Besides, said Bromberg, it’s not school libraries that parents need to be concerned about. It’s their phones.
“If we’re really concerned about the deleterious effects of pornography on children’s brains, that’s where we should be focusing. Not on books or literature.”
In the Granite School District, a few people have kept busy with book challenges
Horsley said that the 94 book challenges his district has received have come from six people, including himself.
“The overwhelming majority of the content has come from one parent who’s done a lot of research,” Horsley said.
“If somebody’s telling me a house is on fire, do I care where it is where I get that information from?” Horsley said. “I want to know if there’s pornography on our shelves, I want to know about it. If a community member is going to be the one to tell me about it, great. We need more eyes on this, not less.”
Horsley said this is not about “banning” books.
“This is our job to provide appropriate content to kids. And if it’s sexually explicit, it does not belong on our shelves,” Horsley said. “And that’s not banning books, that’s simply not providing them in a school setting.”
Garrick Peterson, Director of Academics at Wasatch School District agrees.
“The school board has a responsibility to make sure that the curriculum that is in front of kids is appropriate,” Peterson said.
Book challenges: A time-consuming process
Horsley said the review process for each challenged book takes up a lot of time.
“We’re still actually making decisions on a majority of those books.

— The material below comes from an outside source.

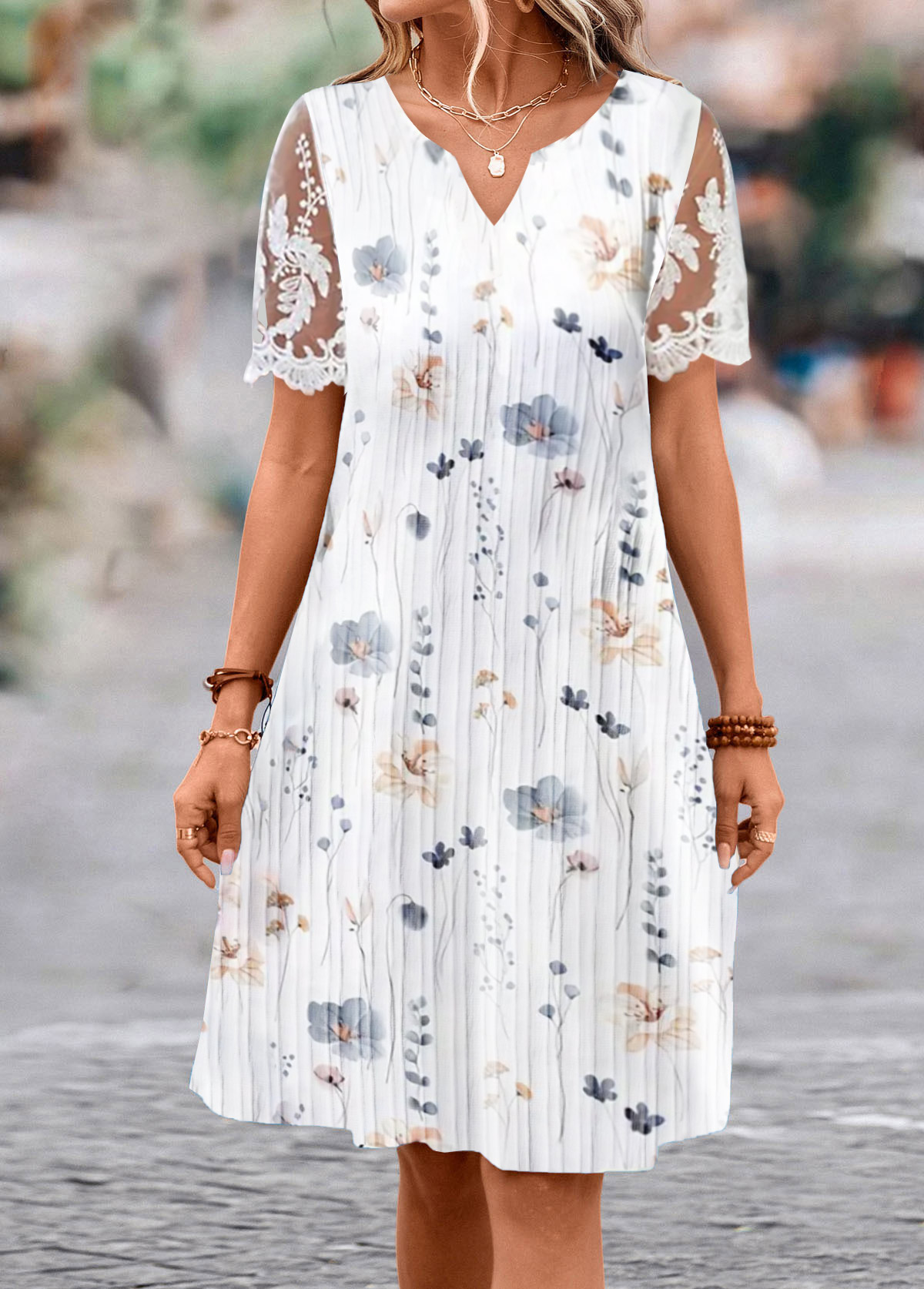 White Leaf Print Smocked Short Sleeve Split Neck Dress

And it’s a tedious process, and it’s taking, it’s very time-consuming,” Horsley said.
He estimates the district has spent more than $100,000 dollars and at least 2,500 man-hours to make sure they are compliant with state code.
He also said librarians feel a strong sense of responsibility in providing books for a diverse group of students.
“We need materials that reflect and show the identities of both the ethnic and minorities, families that we represent and serve,” Horsley said. “Kids need to be able to see themselves in these stories, they need to see themselves as the heroes in the stories. But they do not need to see sexually explicit materials on a school library shelf.